ANAHEIM – Disney Hotel Workers broke a nine-day hunger strike on Thursday morning after camping out for seven days on the streets in Anaheim and another two-and-a-half days at Disney corporate headquarters in Burbank.
“By giving up food and remaining at Disney’s doorstep, our 15 fasters have forced Disney to listen,” said Ada Briceno, secretary-treasurer of UNITE HERE Local 11, after a lively, 100-person picket line. “By talking to the press, sharing their stories, and even blogging on our Web site, our fasters have captured the attention of the public, and although I’m not so sure they’d admit it, the Walt Disney Corporation.”
Workers engaged in the fast to bring attention to Disney’s unaffordable healthcare proposals that could leave hundreds of low-wage hotel employees without medical coverage.

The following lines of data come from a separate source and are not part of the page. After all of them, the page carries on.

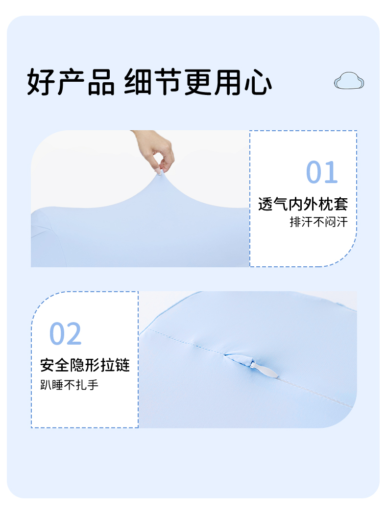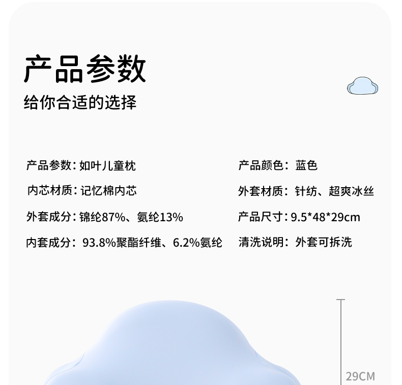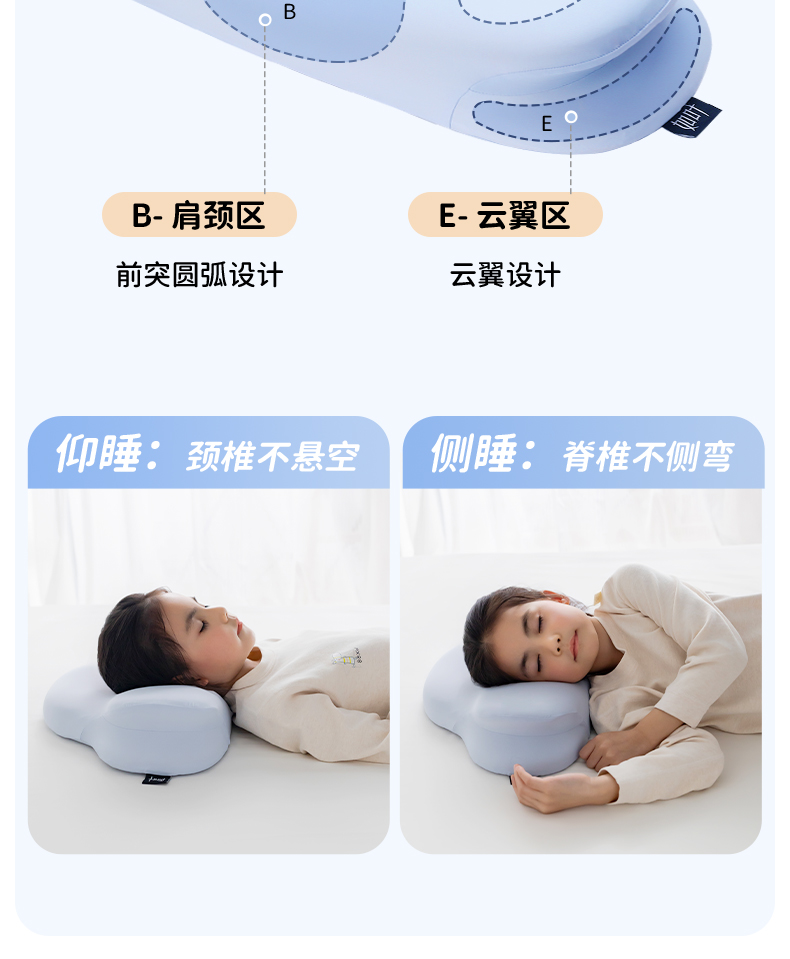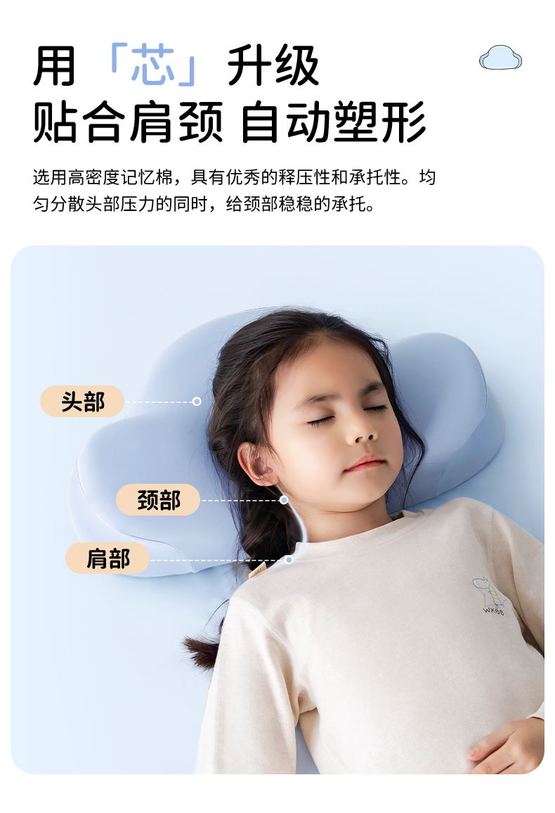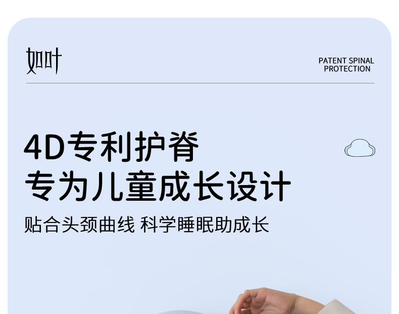 【如叶 · 云朵枕】如叶儿童云朵枕头分区护脊成长3-6-12岁透气亲肤抗菌除螨宝宝枕头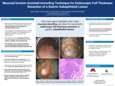 A 65-year-old male with history notable for tobacco use and seizure disorder was referred for management of a gastric SEL. Endoscopic ultrasound (EUS) demonstrated a 11 mm x 5 mm hypoechoic lesion originating from the submucosa (layer III) of the gastric body. Prior fine needle biopsies were non diagnostic. Endoscopic exam with white light imaging showed a 11 mm SEL with negative pillow sign (Figure 1A). Initial mucosal incision was performed with an endoscopic submucosal dissection (ESD) knife to unroof the underlying lesion (Figure 1B). Exposure of the lesion beneath the mucosal surface allowed for direct grasping of the lesion with the grasping forceps, retraction into the FTRD cap, and subsequent full thickness resection using the FTRD. Full thickness resection was demonstrated by the fatty patch within the clip and the specimen was successfully retrieved (Figure 1C). Lesion histopathology showed pancreatic heterotopia involving the submucosa with focal mucosal erosion (Figure 1D). There were no adverse events associated with the procedure.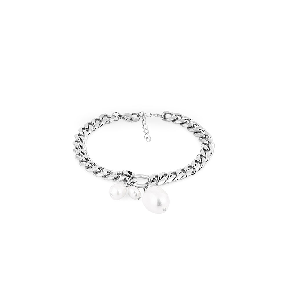 Bratara este decorata cu perle delicate, care adauga un plus de feminitate si rafinament. Lantul cu zale groase ofera un aspect contemporan, in timp ce sistemul de inchidere cu carlig asigura o fixare sigura si confortabila.

They are also protesting an increase in workload and managerial pressure that has led to injuries inside the hotel since the contract has gone unsettled.

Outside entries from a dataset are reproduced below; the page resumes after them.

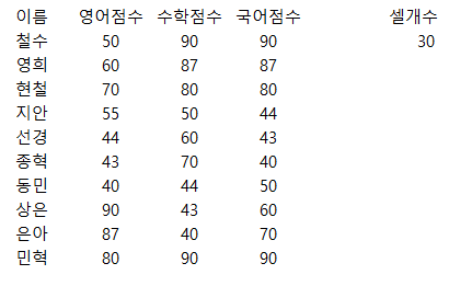 만약 영어점수와 수학 점수, 국어 점수의 셀 개수를 알고 싶다고 가정하고 count함수를 사용해보겠습니다.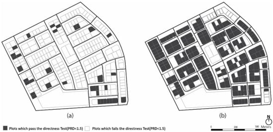 Following the results obtained using Network 1, the evaluation of the role of sikkak as added to Network 2, is presented in the last three columns of Table 3. It is clear from the results that sikkak makes a remarkable contribution to the efficiency of the neighborhood networks. Without exception, the neighborhoods’ percentage of passing plots exceeds 90% in ten of the studied neighborhoods, and only two cases show values below this percentage threshold and above 80%. Figure 4 illustrates the passing and failing plots in Superblock 3 using the two different networks.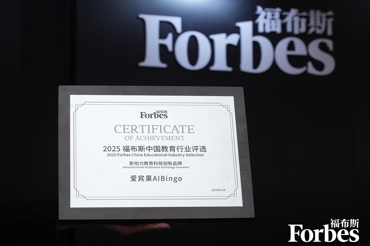 12月15日,2025福布斯中国教育行业评选颁奖典礼圆满落幕。爱宾果凭借在教育科技领域的持续深耕与前沿创新,从众多优秀企业中脱颖而出,成功荣获“2025福布斯中国影响力教育科技创新品牌”!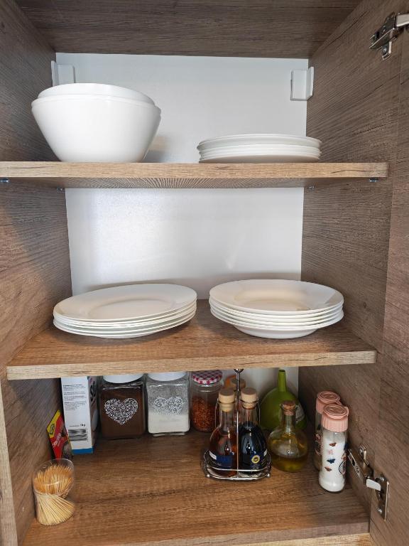 frižider, kuhinja, električno kuvalo, posuđe, ploča za kuvanje, aparat za kafu, sto za ručavanje, čaše za vino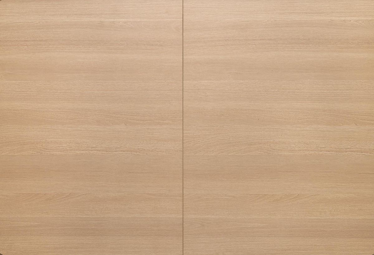 Extendable table with a natural top and black legs. .. more
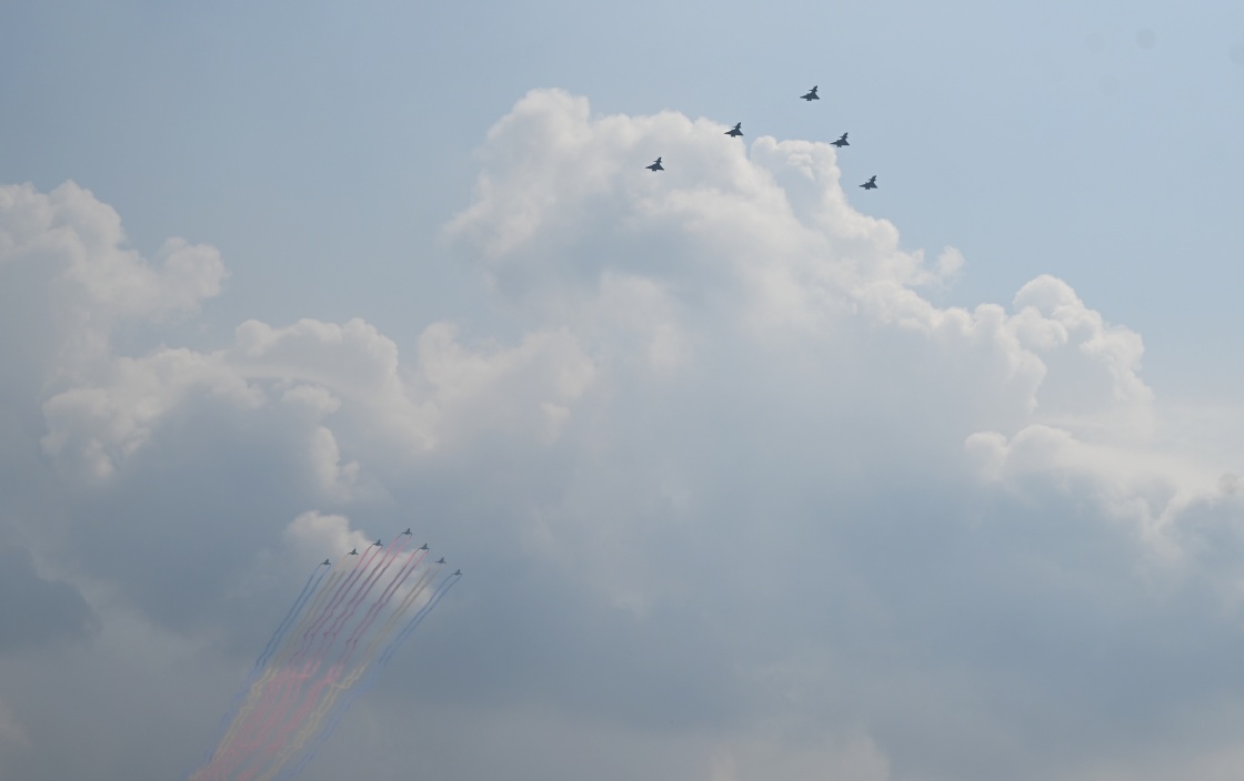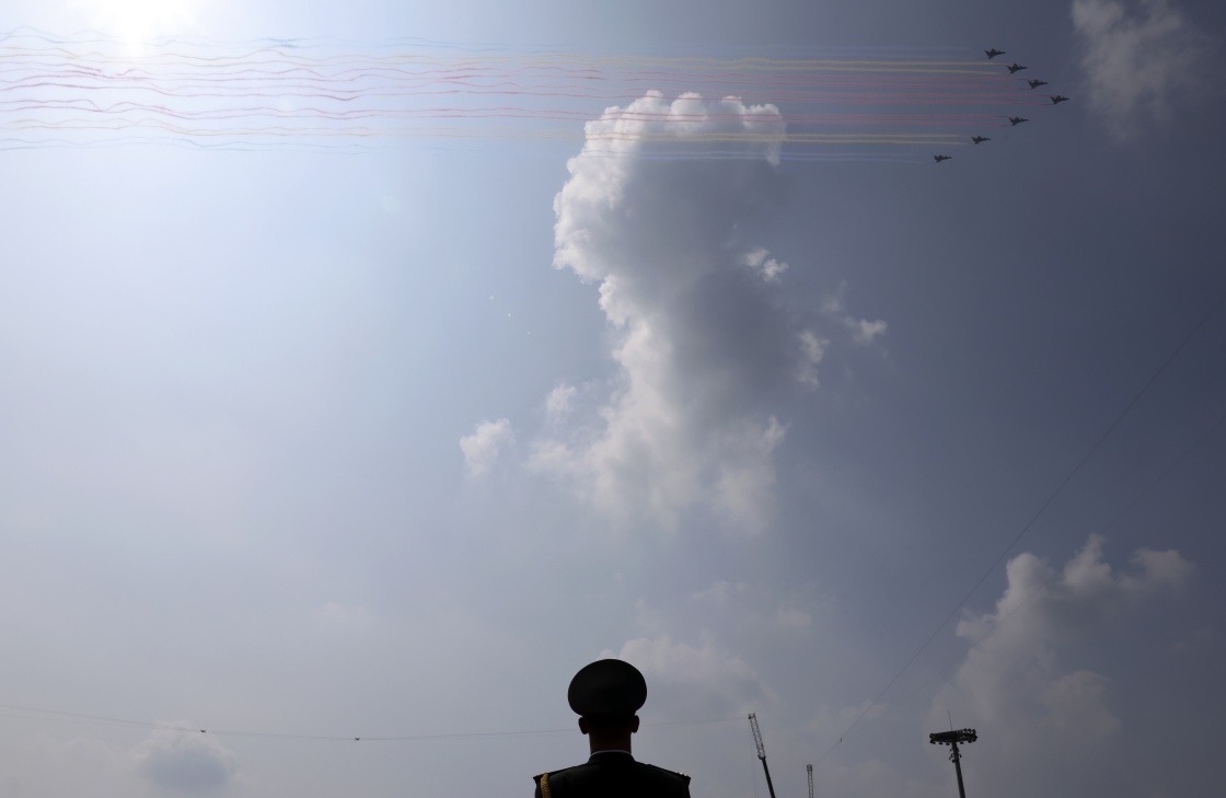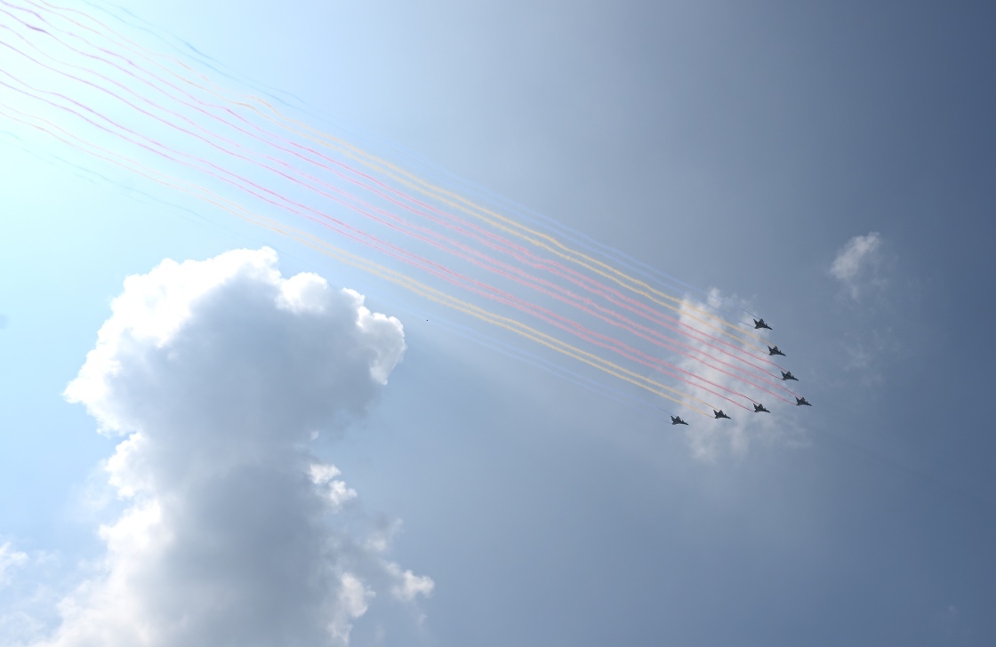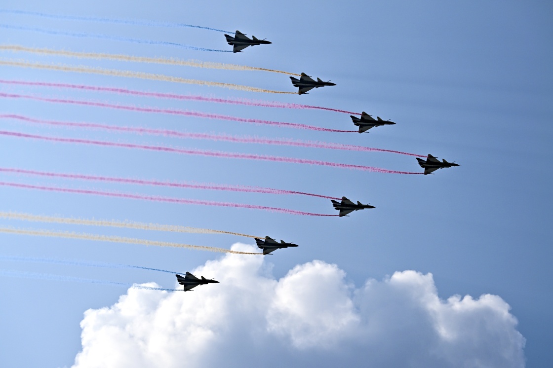 9月3日,紀念中國人民抗日戰(zhàn)爭暨世界反法西斯戰(zhàn)爭勝利80周年大會在北京隆重舉行。這是教練機梯隊。

For nine nights, 15 different fasters slept in tents on the sidewalk, first outside the Grand Californian Hotel in Anaheim, then moving to Disney’s corporate gate in Burbank.
Since the fast began on Tuesday, Feb. 9, workers staged daily events from picket lines and rallies to a meet-and-greet with elected leaders and a performance by Tom Morello of Rage Against the Machine.
Disney hotel workers have also reached out to Disney guests, informing visitors of the workers’ struggle with the company and collecting more than 200 guest e-mail addresses to keep them abreast of the labor dispute.
“Through this fast, you have showed the public what this fight is really about,” said Briceno. “This is not simply about unaffordable healthcare, its about working people standing up for themselves and standing up to corporate power.”
On Thursday, fasters vowed to continue the fight for affordable healthcare.
“As an employee, I help bring the magic of Disney to life,” said Whitney Rupp, a faster and bartender at the Disneyland Hotel. “But it is hard to create magic when you are worrying about whether or not you're going to have health insurance next month.”
Since the workers’ contract expired about two years ago, hotel workers and the company have disagreed over the issue of healthcare. The workers’ struggle to maintain affordable health benefits is central to this disagreement.
Hotel workers want the company to continue contributing to their current healthcare plan, which covers workers and their family members. Over the years, workers have forgone significant wage raises in order to maintain their quality, affordable healthcare. But now Disney is calling for workers to shoulder the costs of an unaffordable monthly premium that could reach $500 for a family of four. For the majority of workers whom Disney pays around $13 an hour, a monthly premium of $500 is simply unaffordable.